L’ESTREMA DESTRA VINCE IN OLANDA PERCHÉ SUCCEDE ADESSO?
L’Olanda agli olandesi. Che vuol dire, in esplicito stile trumpiano, #MaketheNetherlandsGreatAgain. Il 22 novembre Geert Wilders, 61 anni, ha stravinto le elezioni in uno dei Paesi fondatori dell’Unione Europea – a sorpresa per molti osservatori, meno per chi aveva seguito gli ultimi dibattiti tv. Da un quarto di secolo in politica, il leader dell’ultradestra aspira ora a guidare il governo dopo i quattro mandati (13 anni) di Mark Rutte, il cui partito liberale di centrodestra è arrivato terzo, d’un soffio alle spalle dell’alleanza progressista che fa capo a Frans Timmermans, ex vicepresidente della Commissione Ue.

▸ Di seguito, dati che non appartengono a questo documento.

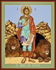 St. Daniel in the lions’ den is one of the best known stories from the Old Testament Book of Daniel, dating from the 6th century B.C. After the people of Judah were taken captive by King Nebuchadnezzar, Daniel and 3 others were placed into service of his court. Daniel excelled as a visionary and prophet. King Darius’ reign followed, and though he loved Daniel, was tricked into an edict that no one but himself in the kingdom was to pray for 30 days.
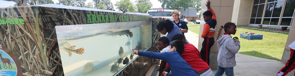 Two mobile aquariums are available free of charge for display at qualifying community events, such as educational programs, outdoor shows, schools, youth organizations, or other family-friendly events. At each appearance, they are stocked with a large variety of native fish species and aquatic turtles. A program member will be in attendance to answer questions concerning aquatic resources, while also providing educational literature. Click the links below for more information, and fill out the application below to request AGFC support.
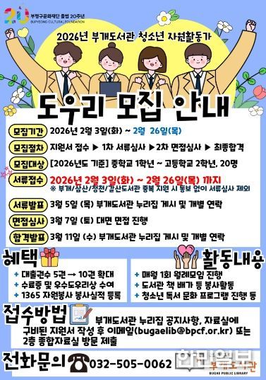 한민일보 서울포커스 김성혜 기자 | 부평구립 부개도서관은 오는 26일까지 청소년 자원활동가 ‘도우리’를 모집한다.
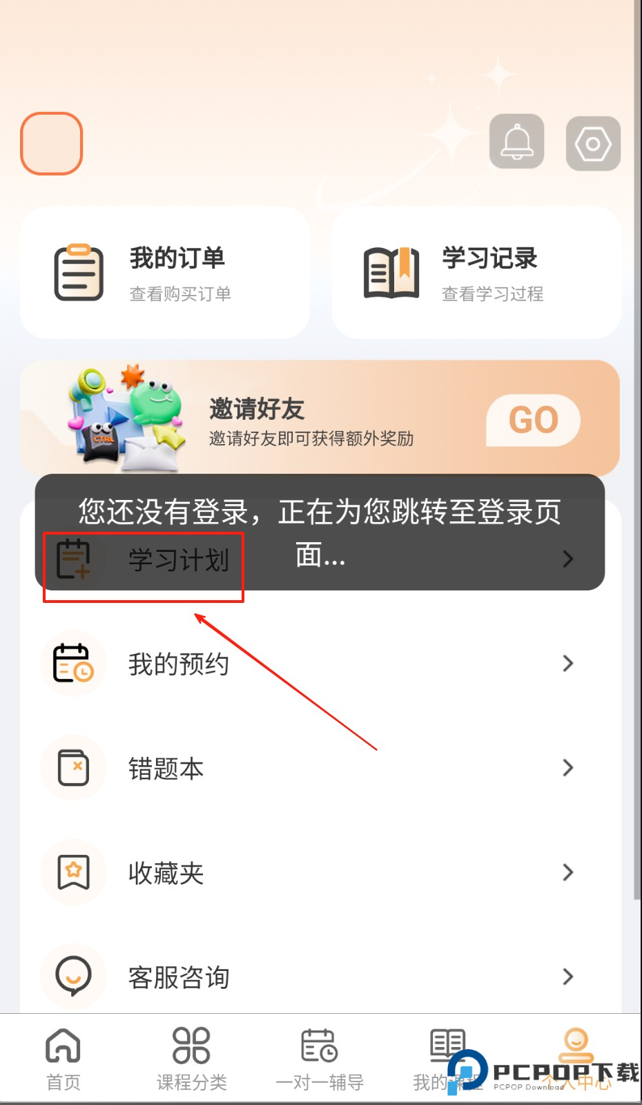 3、学习计划设置,在个人中心设定每日刷题量并开启进度提醒功能。
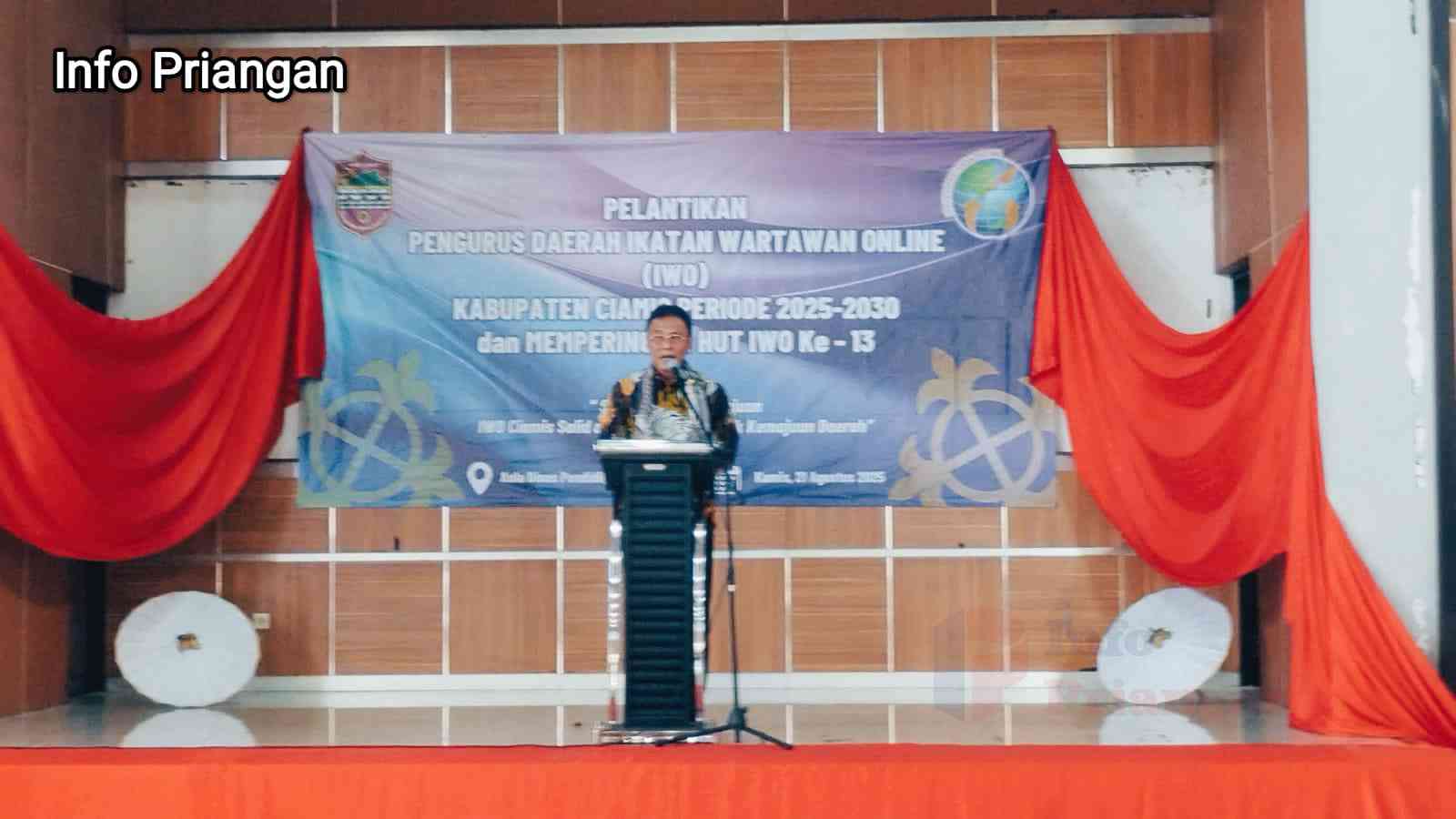 infopriangan.com, BERITA CIAMIS. Bupati Ciamis H. Herdiat Sunarya menghadiri acara pelantikan Pengurus Ikatan Wartawan Online (IWO) Kabupaten Ciamis, di Aula Disdik. Kamis, (21/8/2025). Dalam sambutannya, Bupati menekankan pentingnya peran media online sebagai mitra strategis pemerintah sekaligus pengawas sosial.

La domanda che ha senso porsi, non solo tra L’Aia e Amsterdam, è perché adesso. Perché il palinsesto populista del PVV, fondato 17 anni fa, sia riuscito a raddoppiare i propri seggi e a scalare tutte le posizioni in questo quasi inverno 2023. Le parole di Wilders nell’ultima uscita televisiva hanno fatto breccia, spostando verso le frange una parte dell’elettorato conservatore: «I Paesi Bassi ne hanno abbastanza. Dobbiamo pensare prima a noi, alla nostra gente. Confini chiusi. Zero richiedenti asilo». In passato (ora, in parte, rivisto) si era spinto a definire l’Islam «un’ideologia fascista» e «una religione reazionaria». Fino a chiedere il bando di veli, Corano e moschee in Olanda. Minacciato di morte a ripetizione, inseguito da una fatwa partita dal Pakistan, dal 2004 vive sotto scorta, mantenendo un profilo privato bassissimo (a parte i due gatti attivi su Instagram e X) in contrasto con l’esuberanza da tribuno e la chioma platino, altro riverbero dell’ex presidente americano.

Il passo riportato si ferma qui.